Tea Journeyman Indonesian black tea (PT Harendong Green Farm)

This was a great black tea.  Just to be clear, I mean it matches the type of tea I like, not that it's an exceptional grade of tea or an unusual or rare style of tea (probably some of each and more true of the latter, but not the point).

I've come to like the idea of a vendor having their say, but as far as flavor goes it's this (link to source page here):  

The aroma and taste boast sweet, fruity, and woody qualities. With a medium body, a clean, juicy texture, and a mildly brisk character

The tea!

My own tasting notes and review:

Primary flavors:  cocoa, drifting a little towards cinamon, with dark cherry and natural sweetness.  Trace of earthy element, dark wood, maybe towards peat.  No astringency.   Slightly muddled flavors combining with earth / peat flavor element, not completely "clean."  

Overall impression would probably depend on taste preference,  also feel / "body"of tea emphasis.

I liked it,  based on liking that style.  I had the impression I might've liked it more than the site review would justify; this is just what I like.  I love diversity in drinking teas but I could let green teas and lightly oxidized oolongs drop for awhile based on drinking such more oxidized teas.

Unflavored, high mountain, what else

It reminds me a little of the Vietnamese black teas I've been drinking lately, soft black teas with distinctive flavors, rich wood and earth tones, and with some fruit element, quite good balance, and natural sweetness.  Really what's not to love.

The "clean" reference in the web page and my own notes is a bit odd, especially pointing in the two different directions.   There is definitely nothing objectionable in the tea, just pleasant flavor elements, and a good texture (juicy; sure), so what I meant by it was a reference to a subtle character element, the feel of the tea.  It's hardly a flaw, just the slight room for improvement.

I sort of didn't "get" the briskness either, which I associate with both the crisp flavor (mineral element, sort of) of Ceylon black teas (Sri Lankan) and the sharp astringency associated with that (not completely connected, but somehow linked).  But then I guess the concept could be used in different ways, and it's not as if I'm classically trained in tea tasting.

Related next steps / postscript:

I've been drinking one other nice Vietnamese black tea, not so different than one I reviewed not too long ago, and also an exceptional more oxidized / darker roasted oolong.  It will be interesting to reference those back to this tea.

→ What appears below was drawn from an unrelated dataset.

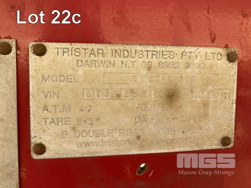 2012 TRISTAR SIDE TIPPER VIN / CHASSIS: 6T9T25NT0C2NUM181 WHITE, HYDRAULIC LIDS, BPW AXLES, SPRING SUSPENSION, R/T RATED 50MM KING PIN,
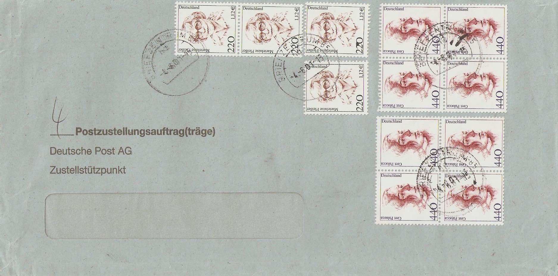 Korrekt frankiert mit 4* 220 Pf Fleißer (2158) + 8* 440 Pf Palucca (2014)

How to brew:  seems boiling water would work too

I also bought two other teas from the Tea Journeyman site I really ought to get to reviewing:  a white tea and a Ceylon black tea.  Both were nice, all three very different and distinctive, good examples of the types with their own individual strong points.

On a related note that online shop is closing, and teas are being sold at close-out pricing, so if this sounds good check it right away.  The pricing seemed ok to me but not exceptional since I've been spoiled by Asian pricing (the Vietnamese teas I've yet to review are close enough to free, and maybe just a little better per my own preferences).